**Available records:**
-*-*-

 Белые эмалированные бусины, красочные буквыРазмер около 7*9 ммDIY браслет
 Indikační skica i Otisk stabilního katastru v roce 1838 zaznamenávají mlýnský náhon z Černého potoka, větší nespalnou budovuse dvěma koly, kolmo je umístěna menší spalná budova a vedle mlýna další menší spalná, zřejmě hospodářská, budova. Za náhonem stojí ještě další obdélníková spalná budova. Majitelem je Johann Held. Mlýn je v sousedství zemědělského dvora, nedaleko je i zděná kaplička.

-*-*-

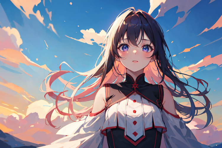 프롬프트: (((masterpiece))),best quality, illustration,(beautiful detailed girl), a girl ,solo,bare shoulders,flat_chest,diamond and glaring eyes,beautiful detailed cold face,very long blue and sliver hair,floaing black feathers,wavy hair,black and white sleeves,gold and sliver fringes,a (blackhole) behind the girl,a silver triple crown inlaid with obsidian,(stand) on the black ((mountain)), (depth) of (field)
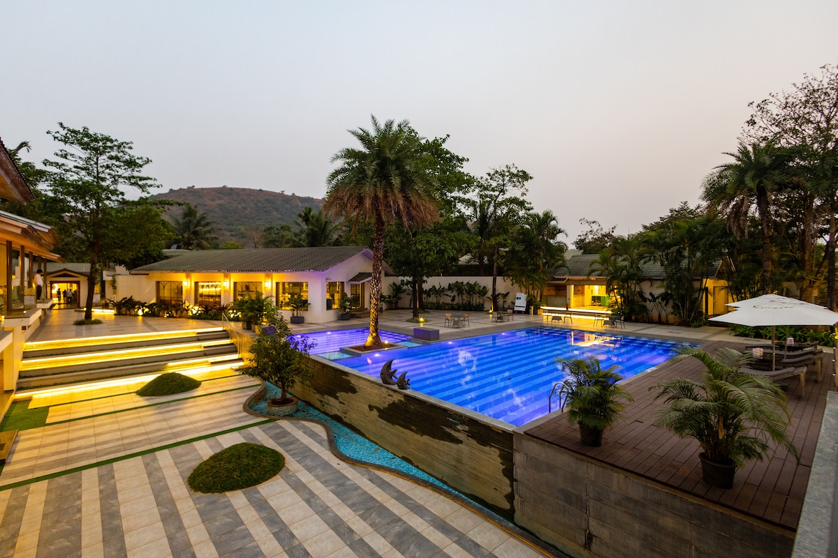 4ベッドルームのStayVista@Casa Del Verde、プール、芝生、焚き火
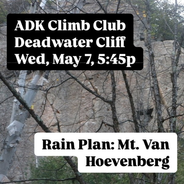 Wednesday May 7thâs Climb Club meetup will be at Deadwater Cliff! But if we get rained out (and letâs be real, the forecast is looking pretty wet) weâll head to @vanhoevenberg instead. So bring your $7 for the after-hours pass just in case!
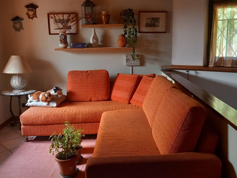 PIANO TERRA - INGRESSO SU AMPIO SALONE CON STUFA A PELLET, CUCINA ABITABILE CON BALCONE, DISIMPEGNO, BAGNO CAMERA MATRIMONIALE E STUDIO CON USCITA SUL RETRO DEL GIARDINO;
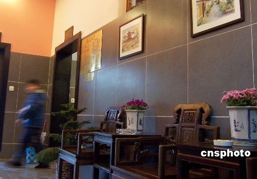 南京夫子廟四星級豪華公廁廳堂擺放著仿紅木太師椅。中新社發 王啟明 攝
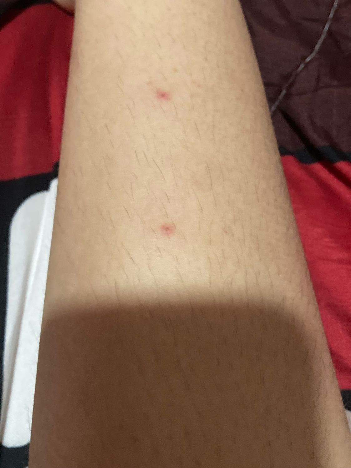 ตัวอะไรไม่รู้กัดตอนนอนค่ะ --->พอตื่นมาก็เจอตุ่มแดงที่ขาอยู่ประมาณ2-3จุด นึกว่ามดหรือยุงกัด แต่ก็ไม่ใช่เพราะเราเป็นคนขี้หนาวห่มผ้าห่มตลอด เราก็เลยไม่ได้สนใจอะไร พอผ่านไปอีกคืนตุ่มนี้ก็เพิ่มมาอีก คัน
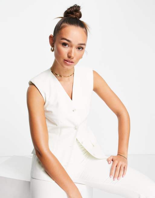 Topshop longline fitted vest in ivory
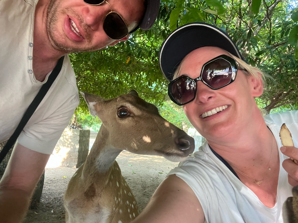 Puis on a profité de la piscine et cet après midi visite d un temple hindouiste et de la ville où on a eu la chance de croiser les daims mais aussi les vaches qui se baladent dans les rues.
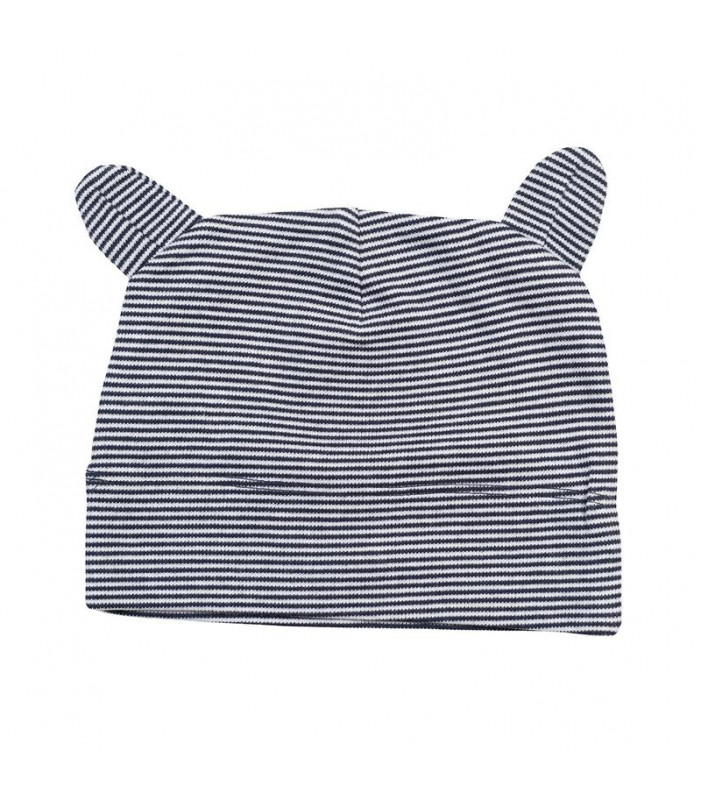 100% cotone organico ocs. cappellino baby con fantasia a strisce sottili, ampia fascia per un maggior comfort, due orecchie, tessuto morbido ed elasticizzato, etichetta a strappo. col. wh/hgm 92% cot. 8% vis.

-*-*-

**Task brief:**
Copy the entries above exactly, but only the stretch from the line containing "Topshop longline fitted vest in ivory" through the line containing "100% cotone organico". Keep both end lines; drop the pictures.

**Final answer:**
 Topshop longline fitted vest in ivory
 Puis on a profité de la piscine et cet après midi visite d un temple hindouiste et de la ville où on a eu la chance de croiser les daims mais aussi les vaches qui se baladent dans les rues.
 100% cotone organico ocs. cappellino baby con fantasia a strisce sottili, ampia fascia per un maggior comfort, due orecchie, tessuto morbido ed elasticizzato, etichetta a strappo. col. wh/hgm 92% cot. 8% vis.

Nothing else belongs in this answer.